見張り、高度管理に不備=指揮官の連携にも課題―ヘリ衝突事故で調査結果・海自
東京・伊豆諸島の鳥島沖合で4月、海上自衛隊の哨戒ヘリコプター「SH60K」2機が訓練中に衝突、墜落した事故で、海自は9日、乗員の見張りや衝突回避のための「高度管理」が不十分で事故につながったとする事故調査委員会の報告書を公表した。2機はそれぞれ別の指揮官の指示で動いており、両指揮官の連携にも課題があったと指摘した。
衝突したのは長崎県の大村基地所属で第4護衛隊群司令が指揮していた16号機と、徳島県の小松島基地所属で護衛艦「すずなみ」艦長が指揮していた43号機。両機は衝突約4分前にそれぞれ潜水艦をソナーで捜索する指示を受け、別の場所から同じ地点に向かっていた。
16号機が高度や速度を落とすため自動飛行で時計回りに旋回したところ、直進する43号機と進路が交錯。16号機の左側面に43号機が突っ込む形で衝突したとみられる。
回収したフライトレコーダーの解析では、両機とも互いの存在は認識し、衝突2分前に43号機の乗員が機長に相手の距離や方位を報告する音声も確認された。だがその後、両機とも接近を警戒する様子はなく、衝突の瞬間まで回避操作は取られなかった。調査委は夜間で相手機との距離を誤認したり、他の作業で見張りが不十分になったりした可能性を指摘した。

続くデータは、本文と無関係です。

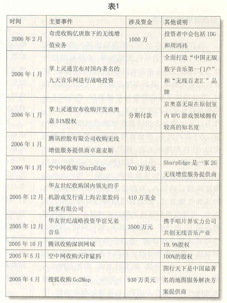 從2003年開始,國內(nèi)就顯現(xiàn)出并購增值服務(wù)運營企業(yè)的苗頭。2004年以來,隨著整治增值服務(wù)運營企業(yè)的力度不斷加大,并購漸成風(fēng)潮(見表1)。2004年2月,新浪收購深圳網(wǎng)興科技公司;2004年5月,搜狐收購手機WAP服務(wù)提供商北京吉菲爾公司。2005年,在“超級女生”節(jié)目大獲成功后,掌上靈通宣布將對國內(nèi)著名的九天音樂網(wǎng)進行戰(zhàn)略投資,全面打造“中國正版數(shù)字音樂第一門戶”和“無線百老匯”品牌。各大移動增值業(yè)務(wù)服務(wù)商通過并購競爭對手,門戶網(wǎng)站可以在移動增值服務(wù)領(lǐng)域?qū)で笮碌耐黄,獲得可觀的利益,增強自身的競爭力。伴隨著3G商用的日益臨近和市場競爭的不斷加劇,主流SP(服務(wù)提供商)進一步加快了資本購并和業(yè)務(wù)整合的步伐,整個SP行業(yè)將加速洗牌。經(jīng)過市場整合,主流SP將不斷做大做強,而相當多的缺乏市場競爭力的SP將被淘汰出局。

海自では2021年にも鹿児島県・奄美大島沖でヘリ同士の接触事故があり、再発防止のため近接時は飛行高度を分ける「高度セパレーション」を原則とした。しかし、今回の事故は指揮系統が別で、指揮官同士の連携も不足したため、2機の位置関係や任務が十分認識されず、高度セパレーションが設定されなかった。
海自は見張りの徹底に加え、搭乗員に夜間の見え方や自動飛行の軌道について教育することや、最上位指揮官の責任で高度管理を厳格化するなどの再発防止策を公表した。中止していた複数機での訓練飛行は9日から段階的に再開する。
木原稔防衛相は同日の閣議後記者会見で「8人の隊員を失ったのは痛恨の極み。この先一人の犠牲者も出さない決意で再発防止に全力を挙げる」と述べた。